Here is an example implementation of HashMap

import java.util.HashMap;

public class HashMapDemo {
    
    public static void main(String[] args) {
        
        Map<String, String> countryCodes = new HashMap<String, String>();
        countryCodes.put("US", "United States");
        countryCodes.put("MX", "Mexico");
        countryCodes.put("CA", "Canada");
        
        System.out.println(countryCodes);
        
        System.out.println(countryCodes.get("US"));
    }
}

Output:

{MX=Mexico, US=United States, CA=Canada}
United States

Notice that you use put in HashMap instead of add. Both structures provide get method. get in HashMap receives the name and returns the value

In HashMap you can iterate over the names or values. Here is an example of using foreach to print out the HashMap's key/value pairs.

import java.util.HashMap;
import java.util.Map;

public class HashMapDemo {
    
    public static void main(String[] args) {
        
        HashMap<String, String> countryCodes = new HashMap<String, String>();
        countryCodes.put("US", "United States");
        countryCodes.put("MX", "Mexico");
        countryCodes.put("CA", "Canada");
        
       for (Map.Entry<String, String> countryCode : countryCodes.entrySet()) {
       		String key = countryCode.getKey();
    		String value = countryCode.getValue();
    		System.out.println("key:"+key + ", value:" + value);
        }
    }
}

Output:

key:MX, value:Mexico
key:US, value:United States
key:CA, value:Canada

You can iterate over keys and values individually also. map.keySet() will provide a set of keys. map.values() will give a collection of values.

Javadoc for HashMap: https://docs.oracle.com/javase/9/docs/api/java/util/HashMap.html

How Hashing Works

Both HashSet and HashMap rely on a mechanism called hashing to store and retrieve data efficiently (often in O(1) constant time).

The Hashing Process

When you add an object to a hash-based collection, the following steps occur:

  1. HashCode Calculation: The object's hashCode() method is called to get an integer value.
  2. Index Calculation: This hash code is compressed to fit within the size of the internal array (buckets).
    • Formula: index = hashCode % N
    • Here, N is the size (length) of the array (buckets).
    • The modulus operator % ensures the result is always between 0 and N-1, which are valid array indices.
  3. Storage: The object is stored in the bucket at that index.

How Hashing Works

Hash Collisions

A Hash Collision occurs when two different objects produce the same hash code or map to the same bucket index. This is inevitable because the number of possible objects is infinite, but the number of integer hash codes (and array buckets) is finite.

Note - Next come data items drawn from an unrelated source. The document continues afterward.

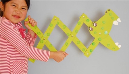 Cách làm đồ chơi hình chú cá sấu này trông thật ngộ nghĩnh mà không kém phần thú vị cho các bé đâu nhé. Mẹ có thể làm thanh bìa dài chừng 20cm - 25cm là vừa tầm tay của bé, cầm hai thanh cạnh nhau và kéo đẩy thử xem nào, bạn sẽ nhìn thấy cá sấu đang nhe răng dần ra đấy. Món đồ chơi vừa lạ lại độc đáo, sẽ gây cho các bé nhiều tò mò và bất ngờ lắm đấy. Chắc chắn bé sẽ cực thích thú với chú cá sấu 3D này.
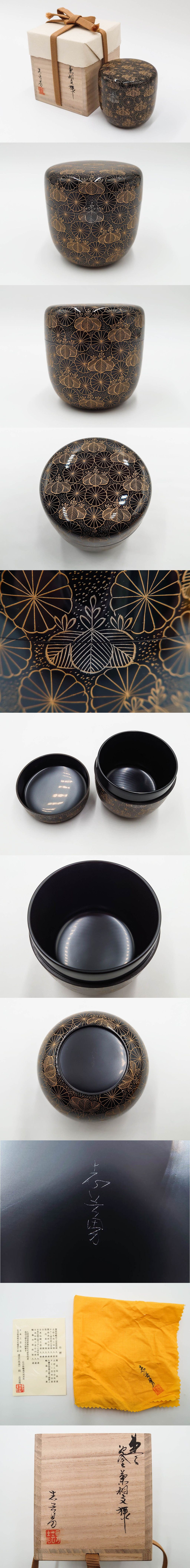 R-085325 輪島塗 沈金師 前志芸男 在銘 沈金菊桐文様が繊細に施された棗 共箱付き(なつめ,茶器,茶入れ,茶筒,漆器,漆芸,茶道具,金彩)
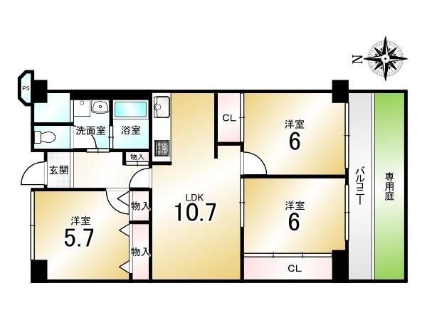 | 間取り詳細 | LDK10.7畳、洋6畳、洋6畳、洋5.7畳 | 土地権利 | 所有権 |
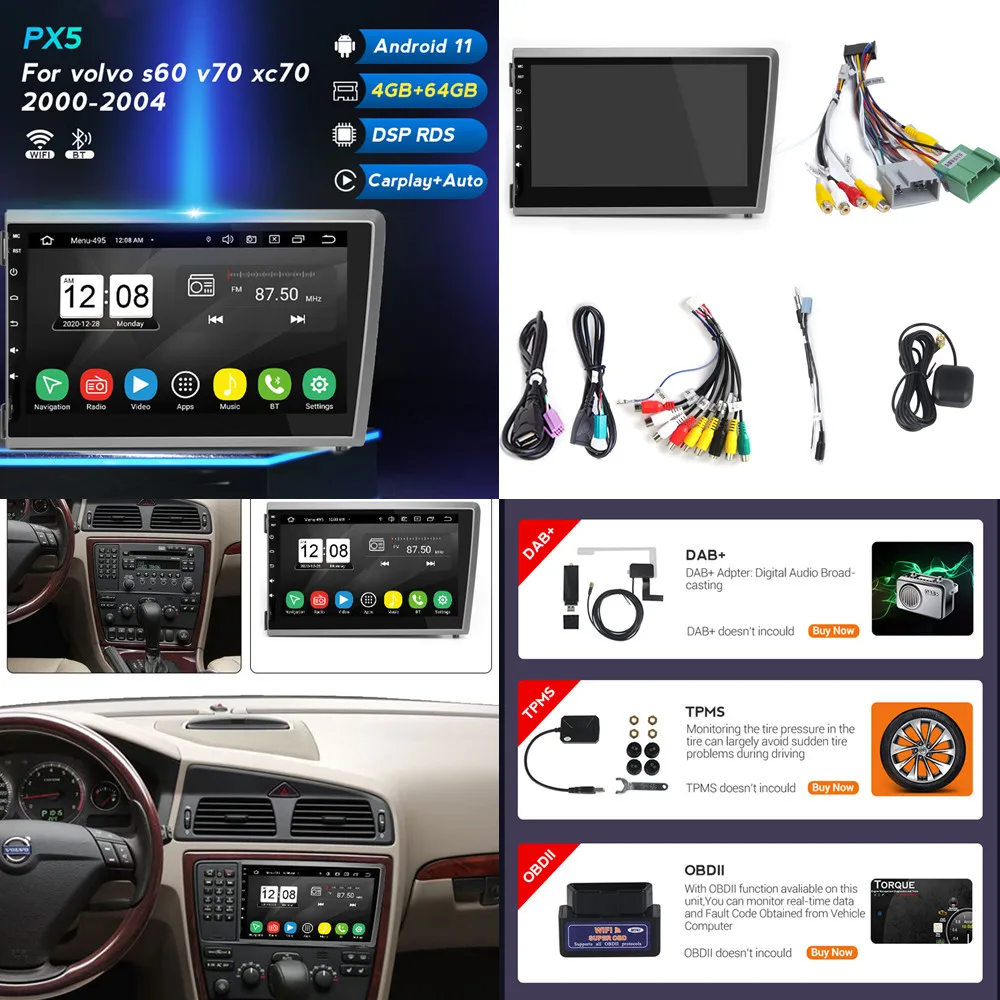 4 Гб + 64 Гб DSP автомобильный DVD-плеер для VOLVO S60 VOLVO V50 V70 XC70 2000 2001 2002 2003 2004 автомобильный радиоприемник с поддержкой GPS-навигации DSP русский
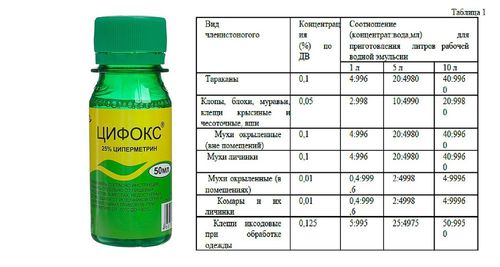 Цифокс — это инсектицид нового поколения, используемый профессиональными дезинсекторами. Эффективное средство в борьбе с клопами и другими домашними паразитами. В основу средства входит инсектицидное вещество циперметрин 25% концентрации, дополнительно входят отдушка, эмульгатор, растворитель. Это концентрат эмульсии, который разводится водой. Представляет собой прозрачную жидкость с желтоватым оттенком, и мало приятным запахом.
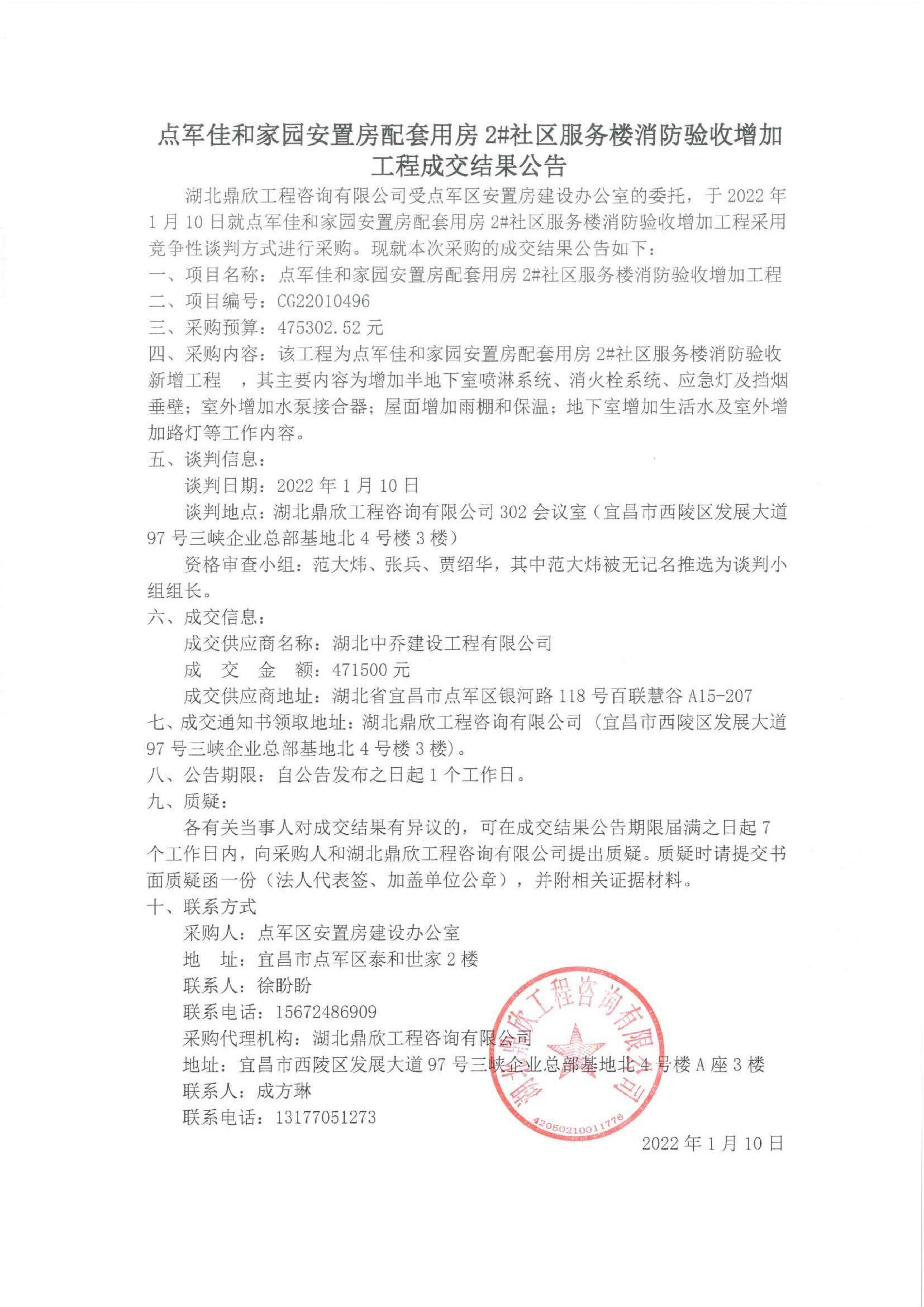 點軍佳和家園安置房配套用房2#社區服務樓消防驗收增加工程成交結果公告
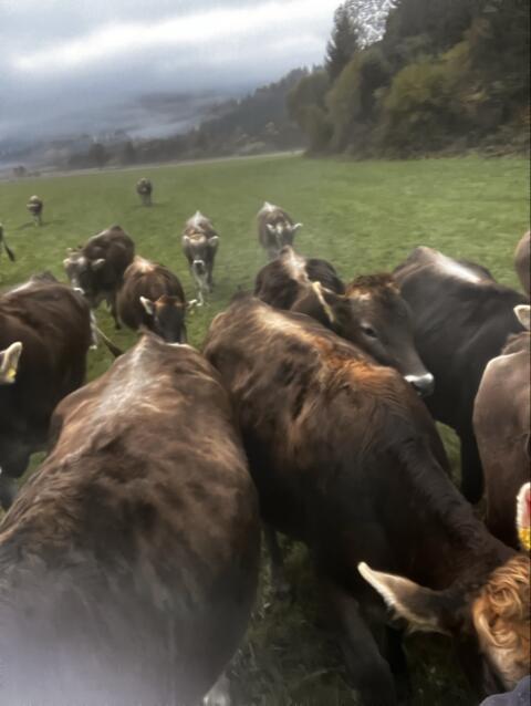 Springt gut, aus bewährter Kuhfamilie, aber ein wenig ältere Genetik, geboren am 07.01.2024. Am Foto zu sehen ist seine Mutter.
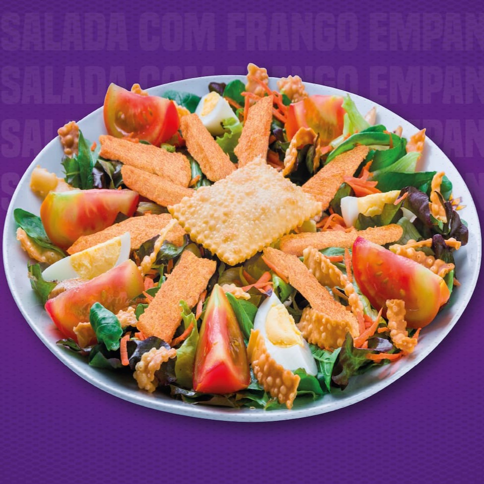 Deliciosas tiras de frango empanado acompanhado do Mix Verde, Cenoura, Tomate, Ovo Cozido, Queijo Muçarela, Rets (massa de pastel frita) e do nosso querido pastel jr. De queijo

Java handles collisions using Chaining. Each bucket actually holds a linked list (or a balanced tree in modern Java versions). If a collision occurs, the new object is simply added to the list in that bucket.

Hash Collision Handling

Important Concepts

  • One-Way Process: Hashing is a one-way function. You can generate a hash code from an object, but you cannot regenerate the original object from just the hash code. This is why we store the actual object (key) in the bucket along with the value.
  • Performance: If a hash function is poor and causes many collisions, elements will pile up in a few buckets. This degrades performance from O(1) to O(N) because the system has to traverse long linked lists to find your object. This is why overriding hashCode() correctly is crucial.